Start of PROVIDED ENTRIES

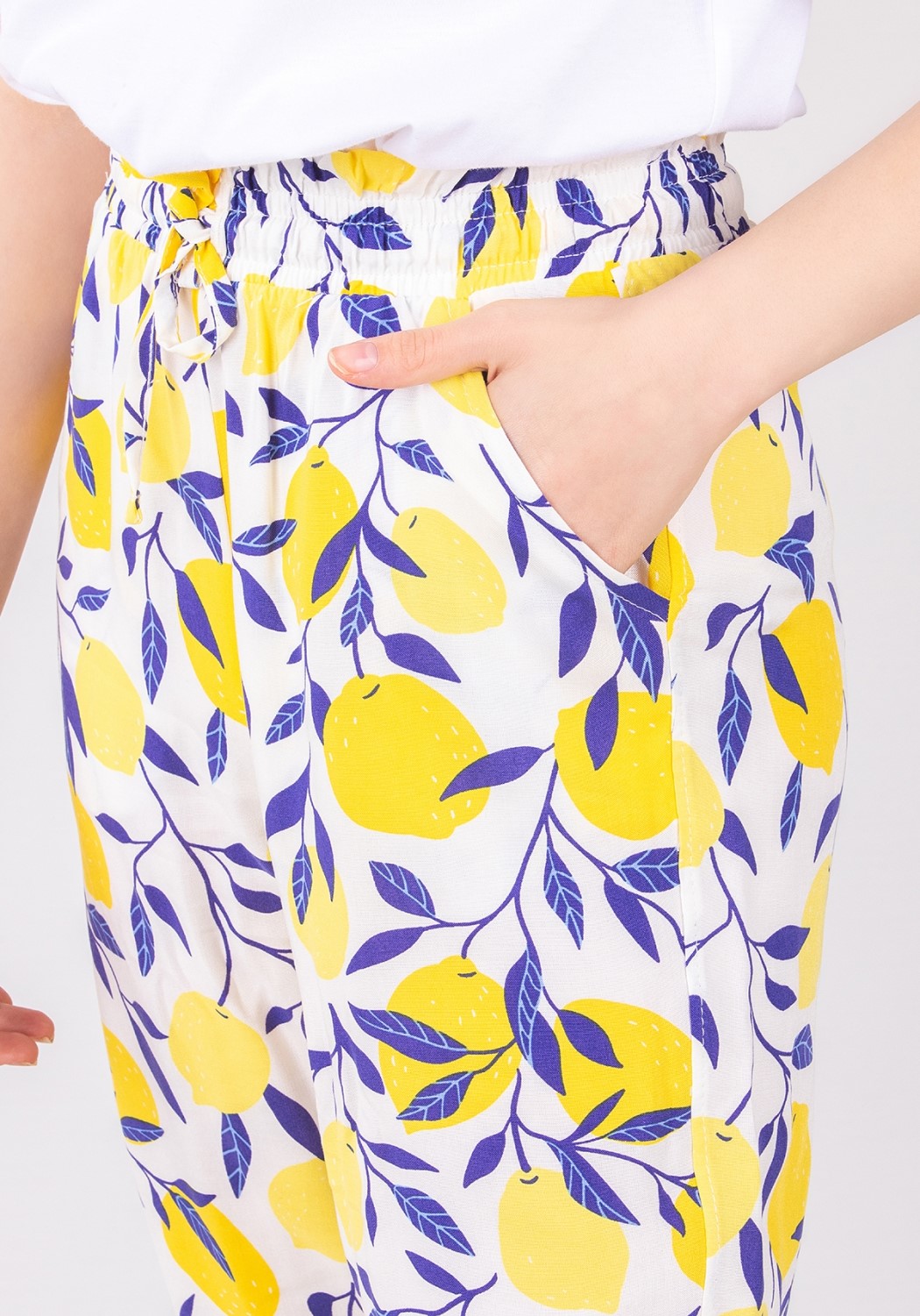 Прекрасный стильный костюм из двух предметов : футболки и брюк из легкого штапеля . Край рукава оформлен воланом. Брюки с боковыми карманами на манжетах. Яркий и актуальный костюм будет незаменимым нарядом в летний сезон.
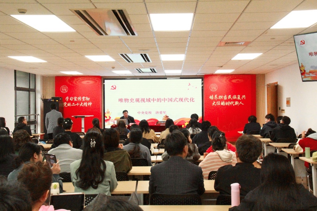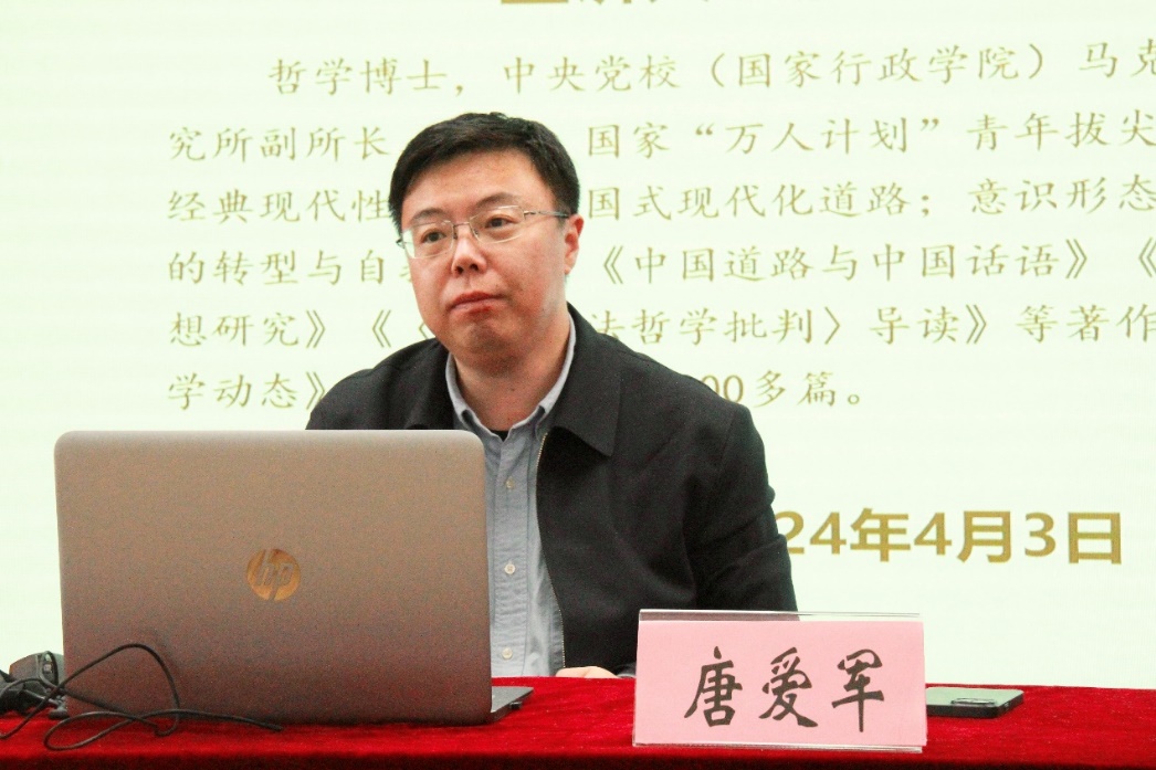 讲座尾声,唐爱军教授对各位同学的提问作了精彩回应。最后,张志丹院长对本次活动作了简要总结,并勉励全院教师和青年学生应以中国式现代化全面推进中华民族伟大复兴为己任,树立远大理想,付诸实际行动,保持强国有我的定力和自信。
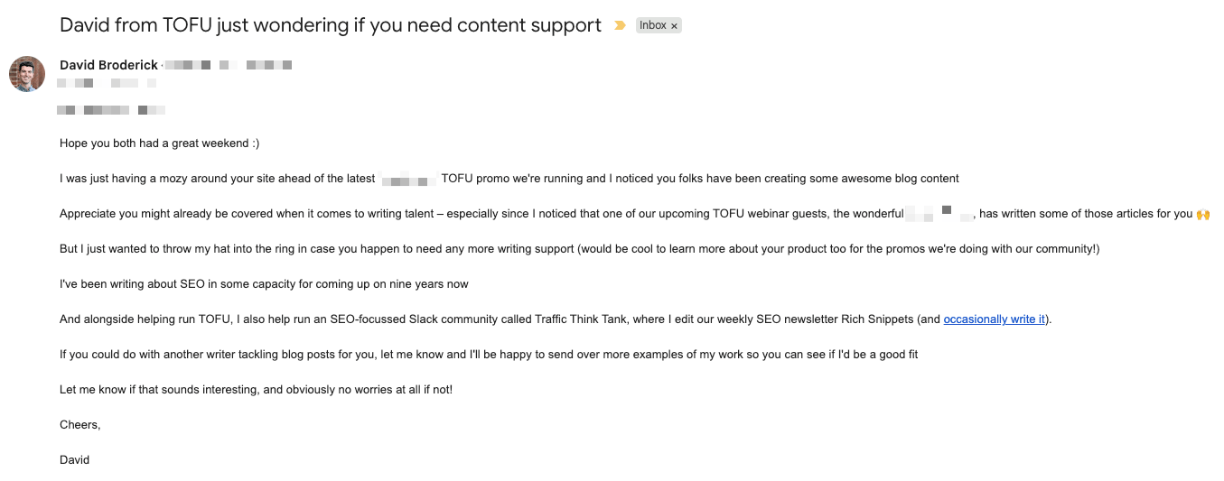As you can see, these pitches aren’t anything special. But they really don’t need to be when you're someone they know rather than a rando showing up in their inbox.
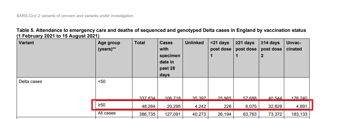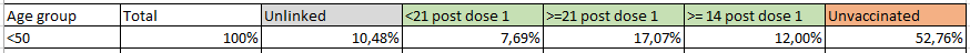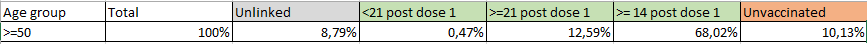 A guardare quella tabella, mi salta all'occhio il numero elevato dei casi tra vaccinati over 50 che hanno fatto da più di 14 giorni la seconda dose (32.828). Forse, guardando all'età, sono in gran parte quelli che sono stati vaccinati per primi e non sono più protetti come nei primi mesi. |
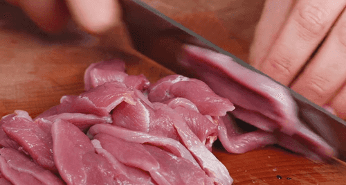 Утиную грудку (без кожи) нарезать тонкими ломтиками.
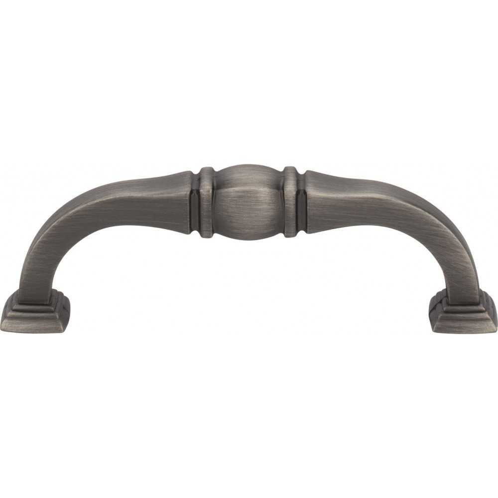 Katharine by Jeffrey Alexander brings a bit of dramatic glamour to any home. Harkening days of Old Hollywood, this alluring and curvaceous 4-3/8" overall length Brushed Pewter pull is accentuated by the intriguing center detail and stacked square feet. This Jeffrey Alexander pull also features a higher hand clearance, making it a great option for Aging in Place. Available in two other standard pull lengths, pair this pull with a coordinating knob offered in two sizes. Choose from four classic finishes to complete any traditional or transitional space. Each item is individually wrapped to protect the item from damage. Attachment hardware is included.
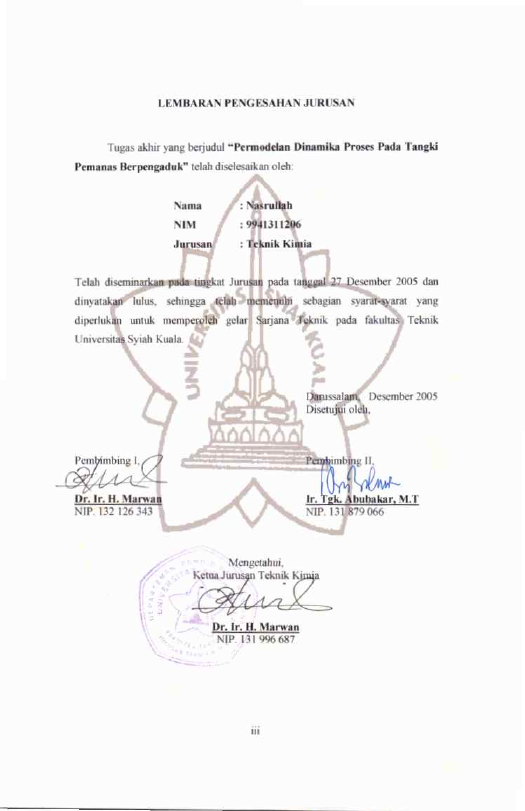 Nasrullah, PERMODELAN DINAMIKA PROSES PADA TANGKI PEMANAS BERPENGADUK. Banda Aceh Fakultas Teknik,2005
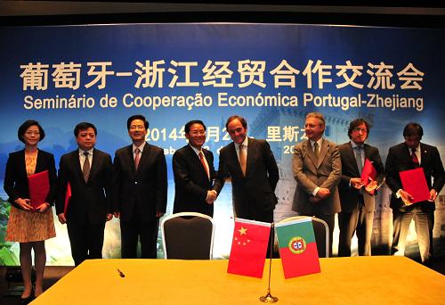 6月2日,葡萄牙副总理波塔斯(右四)与中国浙江省省长李强(左四)等出席葡萄牙-中国浙江经贸合作交流会。当日,葡萄牙-中国浙江经贸合作交流会在葡首都里斯本举行,由浙江省省长李强率领的浙江省经贸代表团和青年企业家代表以及葡萄牙政界和工商界人士等近百人参加了交流会。新华社记者 张立云 摄
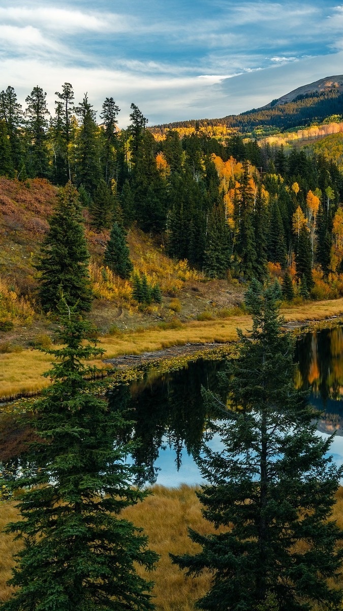 Edytor tapety: Las na wzgórzu nad jeziorem
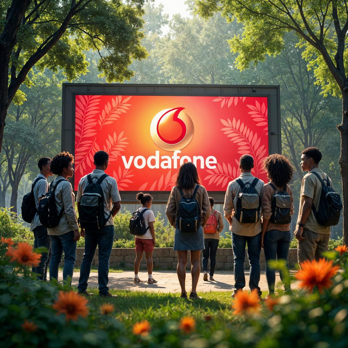 This image shows African American students in a university garden watching a Vodafone advertisement on a digital billboard. The scene is a detailed matte painting with deep, complementary colors.
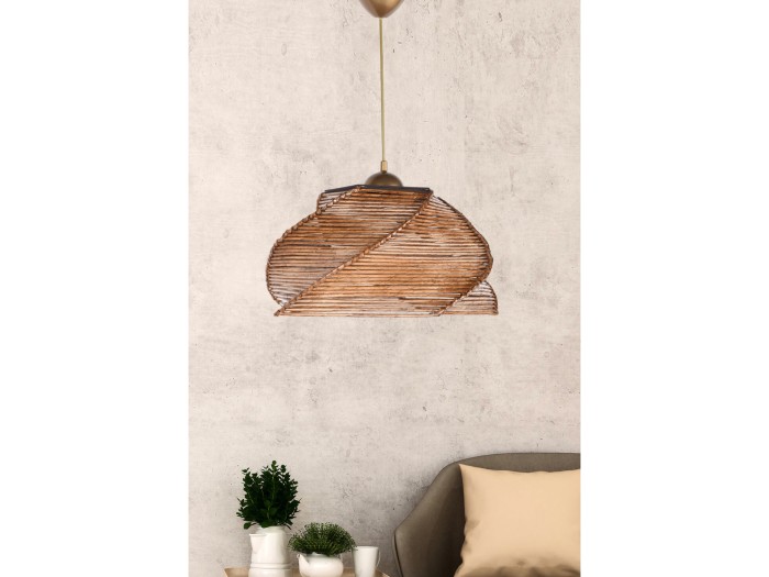 Μοντέρνο κρεμαστό φωτιστικό οροφής, κατασκευασμένο από ξύλινο σκελετό και επενδυμένο από bamboo υλικό σε καρυδί απόχρωση με μαύρες λεπτομέρειες.
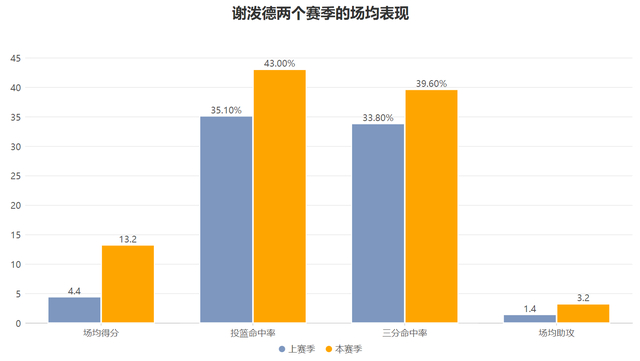 对于谢泼德即使是支持火箭的人也对他褒贬不一,他某些时候能够突然爆发拯救火箭于水火,有时候也能投不进+防不住完全负面作用,对阵奇才时谢泼德虽然命中率不高但以19分10助攻6抢断的表现扛起了火箭,即使是本赛季的他各项表现也均在稳步上升,而近10战的谢泼德更是渐入佳境:
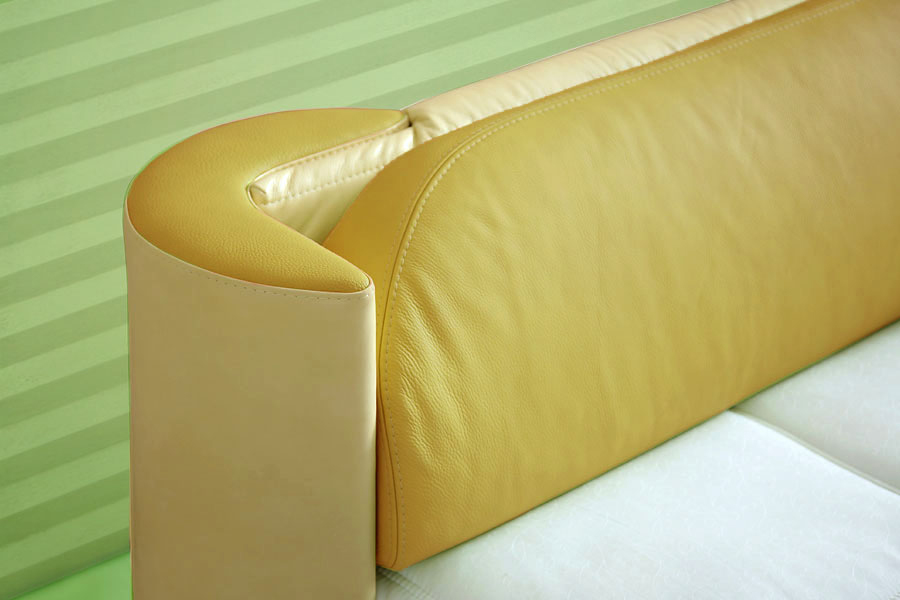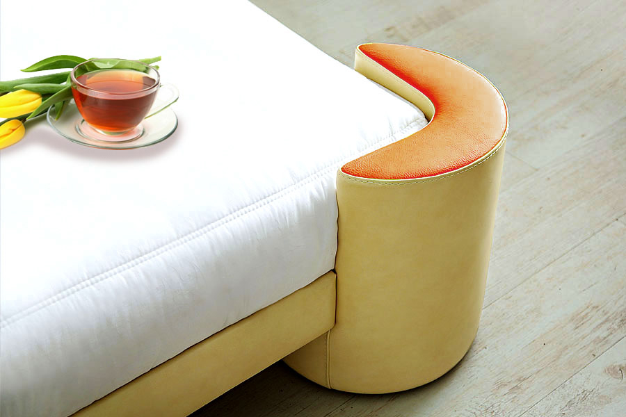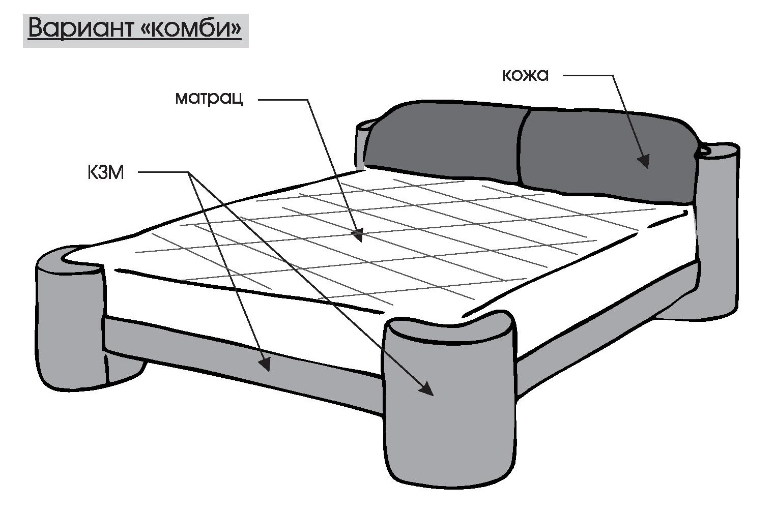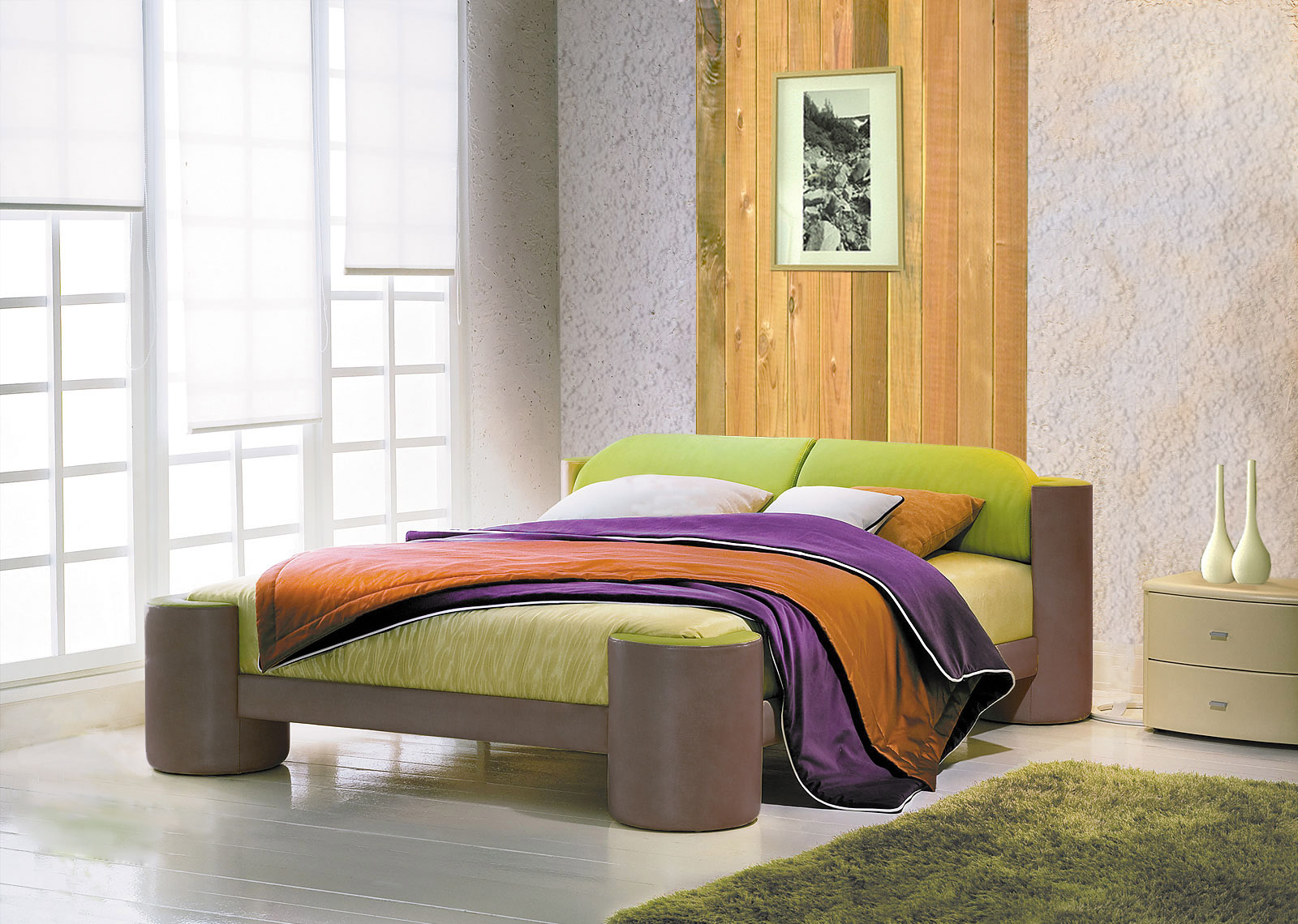 Данная кровать может быть выполнена в комбинированной отделке из искуственной и натуральной кожи или в различных цветовых вариантах.
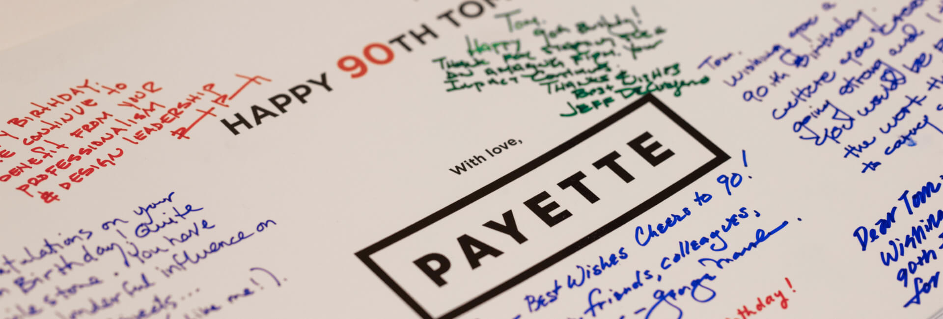 August 9th marks the 90th birthday of Tom Payette. Congratulations and happy birthday Tom!
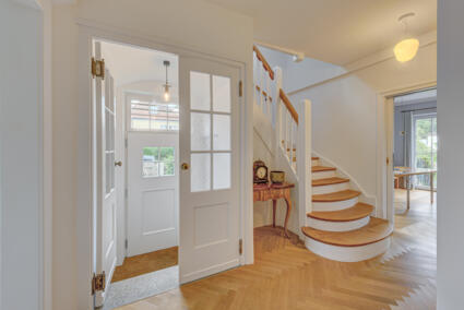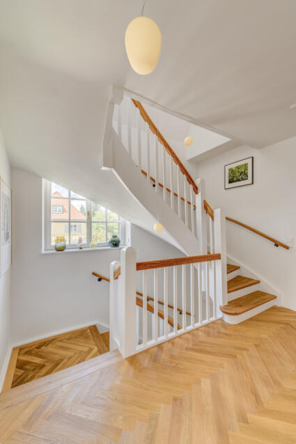Die Oberflächen und Bodenbeläge wurden im gesamten Haus erneuert oder sorgfältig aufgearbeitet. Dabei wurde auf eine hochwertige Materialauswahl geachtet, die den historischen Charakter unterstreicht.
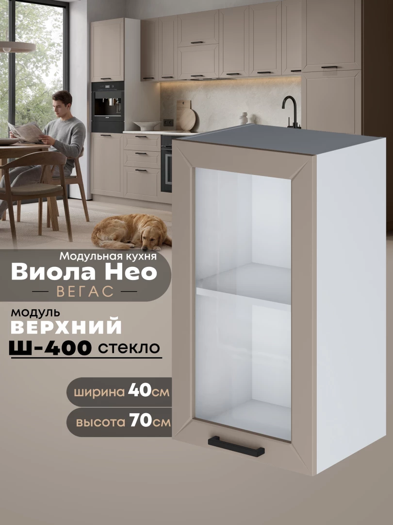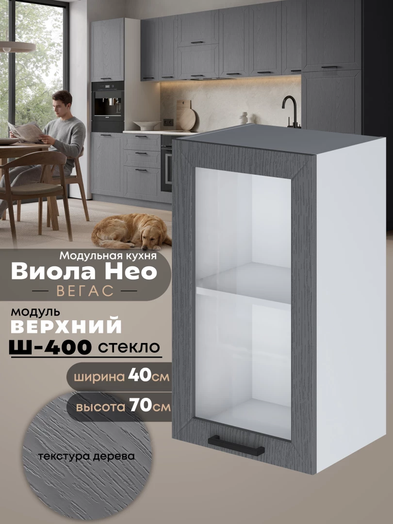 Кухонный модуль навесной Виола Нео Вегас Ш-400-стекло Матовый
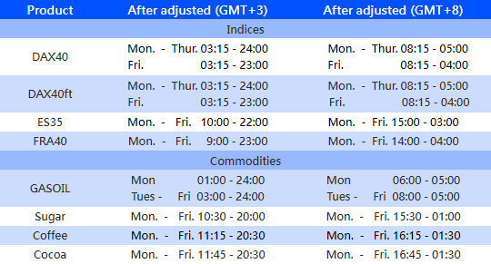 Dear Client, The trading hours of some MT4/MT5 products will change due to the upcoming Daylight-Saving Time change in US. …
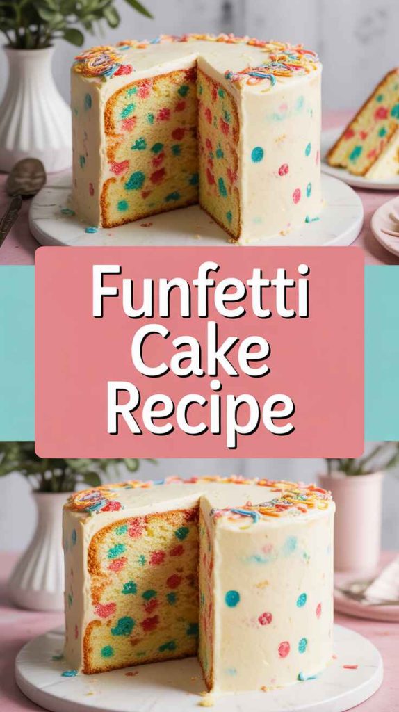Funfetti cake includes colorful sprinkles folded into vanilla batter for a festive crumb. The texture stays light and playful.

End of PROVIDED ENTRIES

WHAT YOU NEED TO DO >>
Please retype, exactly and with the pictures left out, the lines from the line containing "Edytor tapety: Las na wzgórzu nad jeziorem" through the last line of the records above.

YOUR SOLUTION >>
 Edytor tapety: Las na wzgórzu nad jeziorem
 This image shows African American students in a university garden watching a Vodafone advertisement on a digital billboard. The scene is a detailed matte painting with deep, complementary colors.
 Μοντέρνο κρεμαστό φωτιστικό οροφής, κατασκευασμένο από ξύλινο σκελετό και επενδυμένο από bamboo υλικό σε καρυδί απόχρωση με μαύρες λεπτομέρειες.
 对于谢泼德即使是支持火箭的人也对他褒贬不一,他某些时候能够突然爆发拯救火箭于水火,有时候也能投不进+防不住完全负面作用,对阵奇才时谢泼德虽然命中率不高但以19分10助攻6抢断的表现扛起了火箭,即使是本赛季的他各项表现也均在稳步上升,而近10战的谢泼德更是渐入佳境:
 Данная кровать может быть выполнена в комбинированной отделке из искуственной и натуральной кожи или в различных цветовых вариантах.
 August 9th marks the 90th birthday of Tom Payette. Congratulations and happy birthday Tom!
Die Oberflächen und Bodenbeläge wurden im gesamten Haus erneuert oder sorgfältig aufgearbeitet. Dabei wurde auf eine hochwertige Materialauswahl geachtet, die den historischen Charakter unterstreicht.
 Кухонный модуль навесной Виола Нео Вегас Ш-400-стекло Матовый
 Dear Client, The trading hours of some MT4/MT5 products will change due to the upcoming Daylight-Saving Time change in US. …
Funfetti cake includes colorful sprinkles folded into vanilla batter for a festive crumb. The texture stays light and playful.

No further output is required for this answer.